Sembra che la Birmania sia lasciata in balia di se stessa e della giunta militare. È così?

La chiave del problema birmano è in Thailandia, il suo maggior partner commerciale e sostenitore politico. Nel Paese ci furono le elezioni. In seguito a queste, un colpo di stato militare, nel 2006, ha deposto il premier. I generali golpisti hanno indetto nuove elezioni, nel dicembre 2007, vinte da una formazione vicina al premier deposto. A quel punto, con una strana alleanza tra dimostrazioni di piazza incoraggiate dai generali, nuovi regolamenti burocratici, interventi selettivi da parte di settori della magistratura, il governo democraticamente eletto è stato ancora una volta privato dei propri poteri e il premier rimpiazzato da un altro vicino ai generali. La Thailandia, quindi, sa di avere talmente tanti scheletri nell’armadio che, più la situazione in Birmania si estremizza, più l’attenzione della comunità è distolta dai propri problemi interni.

E l’Occidente che fa?

Se osserviamo l’evoluzione politica della Thailandia degli ultimi anni, notiamo la scarsa attenzione che l’Occidente le ha sempre riservato, in maniera non continuativa. Gli asiatici, non a caso, vedendo queste esitazioni pensano che usi la democrazia in maniera selettiva. C’è un venir meno della credibilità ideale dell’Occidente rispetto ad alcuni valori – in teoria – abbracciati da tutto il mondo, come la libertà e la democrazia.

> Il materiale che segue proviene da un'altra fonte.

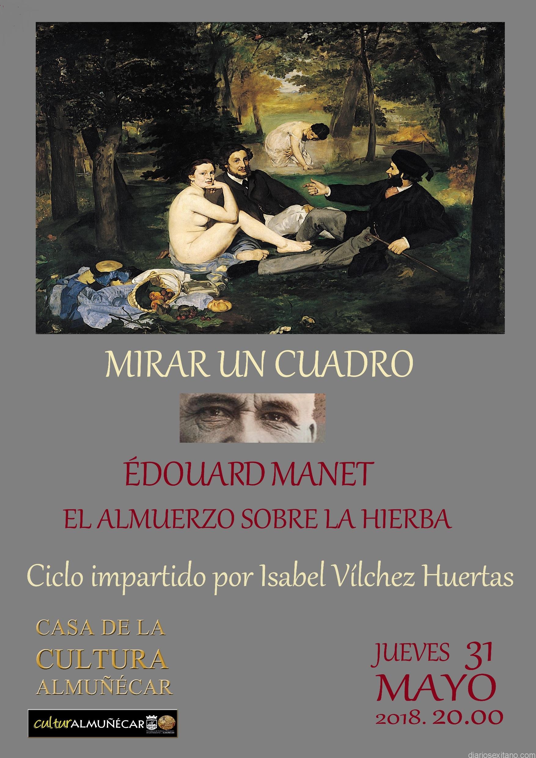 La charla conferencia sobre la obra “El almuerzo sobre la hierba” del pintor francés, Édouard Manet, pone este jueves el broche, no solamente a la agenda cultural del mes de mayo en Almuñécar, sino también el cuarto ciclo “Mirar un cuadro”, que imparte la especialista y licenciada en Arte, Isabel Vílchez Huertas.
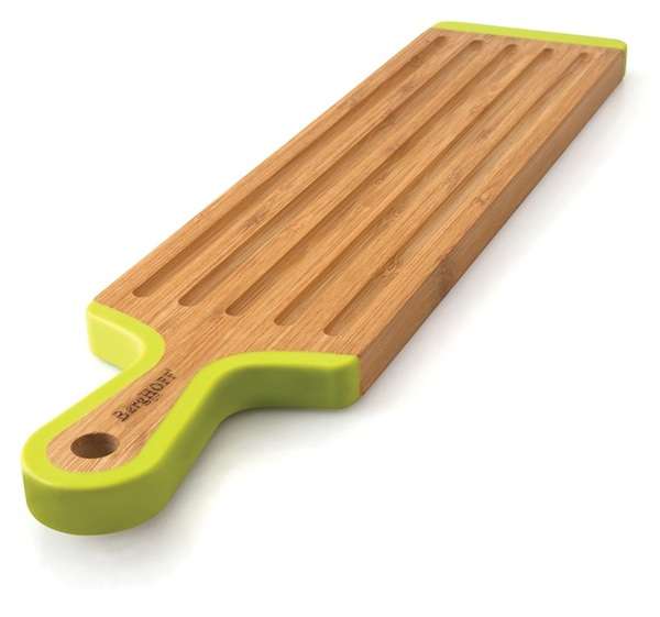 Материал: экологичный бамбук, обработанный специальным маслом и силикон лаймового цвета. Доска для нарезки хлеба BergHOFF имеет идеальную форму. Она была разработана, чтобы максимально облегчить процесс нарезки хлеба без рассыпания крошек по поверхности доски и стола. Эргономичная ручка удобна для захвата, что позволяет свободно удерживать доску в нужном наклоне при перемещении нарезанного хлеба в посуду. Отверстие на ручке позволяет хранить ее в подвешенном виде. Силиконовые накладки придают устойчивость доске, исключая ее скольжение по поверхности стола.
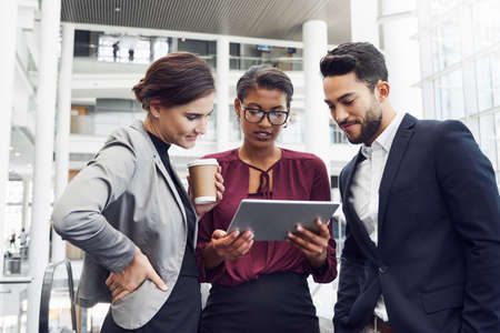 Cropped shot of a diverse group of young businesspeople using a digital tablet while having a discussion in a modern workplace
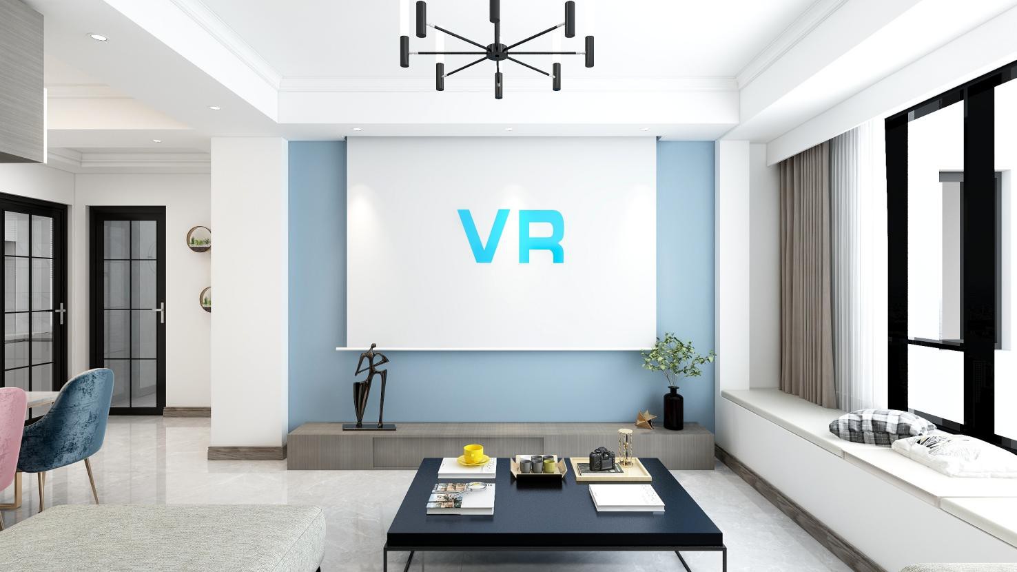 電視背景墻以少即是多的態度為室內塑造更多的想象空間,大面積留白的思路結合跳脫的藍色色點綴呼應,回歸到電視墻本質把視覺更多留在電視。
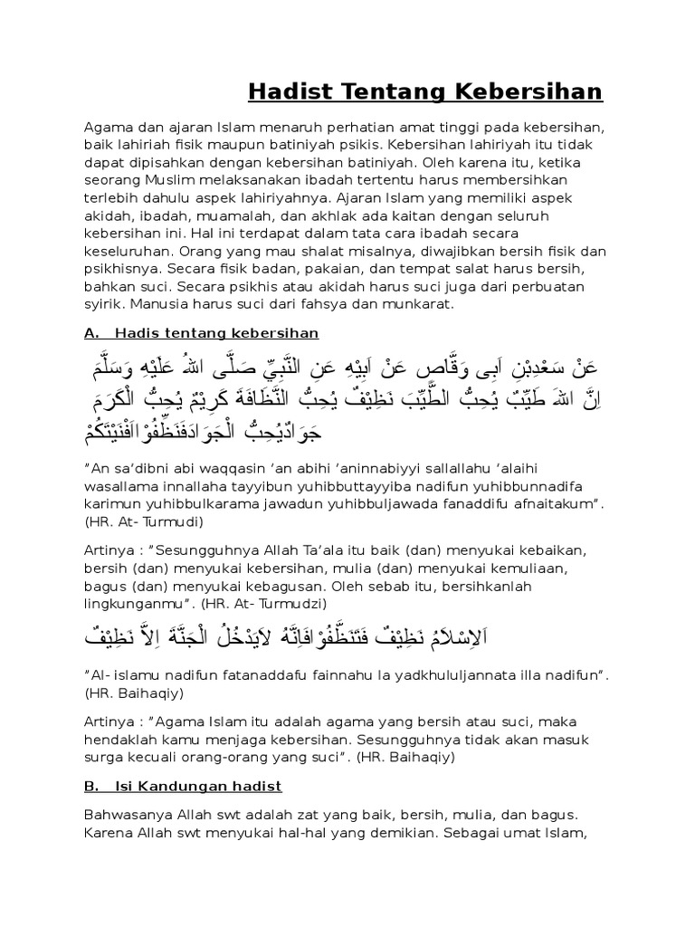 Hadis Tentang Kebersihan Dan Artinya - Nusagates

Che ruolo gioca la Cina nella questione Birmana?

La Cina, imputato numero uno, specie per i giornali italiani, in realtà si pose il problema di un’evoluzione politica. Bisogna tornare agli anni Sessanta, quando Mao Tze Tung inviò, per aizzare la rivolta comunista, circa 100mila “volontari” in nord-Birmania, tra gli Wa, un’etnia simile ai cinesi dello Yunnan del nord. Assieme fondarono il partito comunista birmano che combattè il governo socialista-buddista. Alla fine degli anni Settanta, tuttavia, abbandonati a se stessi, senza il sostegno di Pechino, questi volontari si dispersero, molti di loro passarono al traffico di droga.
La Cina era interessata a trovare anzitutto una soluzione per il nord -Birmania fuori controllo. E in questa ricerca, nella seconda metà anni Novanta, sostenne un generale, l’ex capo dei servizi di intelligence, il più riformista di tutti, Khin Nyunt. Il generale divenne anche primo ministro, tra il 2003 e il 2004, ma fu deposto dall’ennesimo colpo di stato. Questo ha inasprito decisamente i rapporti tra Rangoon e Pechino. I generali, dal canto loro, temono nuovi tentativi di interferenza.

Perché i media e la comunità internazionale appaiono, in genere, poco interessati alla questione birmana?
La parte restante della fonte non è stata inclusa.